Orderic Vitalis and William of Malmesbury were invited to the Abbey in the twelfth century, by the abbot Geoffrey of Orleans, who had previously been the prior of Saint Evroul, following a devastating fire in 1091. While here Orderic not only wrote a monastic history from the time of Guthlac, but also edited a vita of the saint, and composed an account of the death of Earl Waltheof of Northumbria, whose body was laid to rest there. A versified version of the history of Crowland's foundation was made by Henry of Avranches in the thirteenth century.

In 1537, the abbot of Croyland wrote to Thomas Cromwell, sending him a gift of fish: "ryght mekely besychinge yowr Lordshippe favourably to accept the same fyshe, and to be gude and favourable Lord unto me and my poore House." Despite these representations, the abbey was dissolved in 1539. The monastic buildings, including the chancel, transepts and crossing of the church appear to have been demolished fairly promptly but the nave and aisles had been used as the parish church and continued in that role.

During the English Civil War the remains of the abbey were fortified and garrisoned by Royalists in 1642 under governor Thomas Stiles. After a short siege it was taken by Parliamentarian forces under the command of Oliver Cromwell in May 1643, and this appears to have been when serious damage was done to the abbey's structure.
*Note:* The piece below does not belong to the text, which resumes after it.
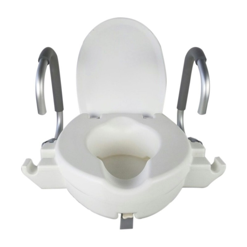 Alteador de sanita com braços dobráveis para facilitar a saída da sanita. Ideal para pessoas que têm dificuldade em sentar-se e/ou levantar-se da sanita. Proporciona um ponto de apoio eficaz e confortável para pessoas com mobilidade reduzida.

The nave roof fell in 1720, and the main south wall was taken down in 1744. The north aisle of the nave was refurbished and remains in use as the parish church.

Crowland is well known to historians as the probable home of the Croyland Chronicle of Pseudo-Ingulf, begun by one of its monks and continued by several other hands.

The church contains a skull which is identified as the skull of the 9th-century Abbot Theodore, who was killed at the altar by Vikings. The relic used to be on public view until it was stolen from its display case in 1982. The skull was returned anonymously in 1999.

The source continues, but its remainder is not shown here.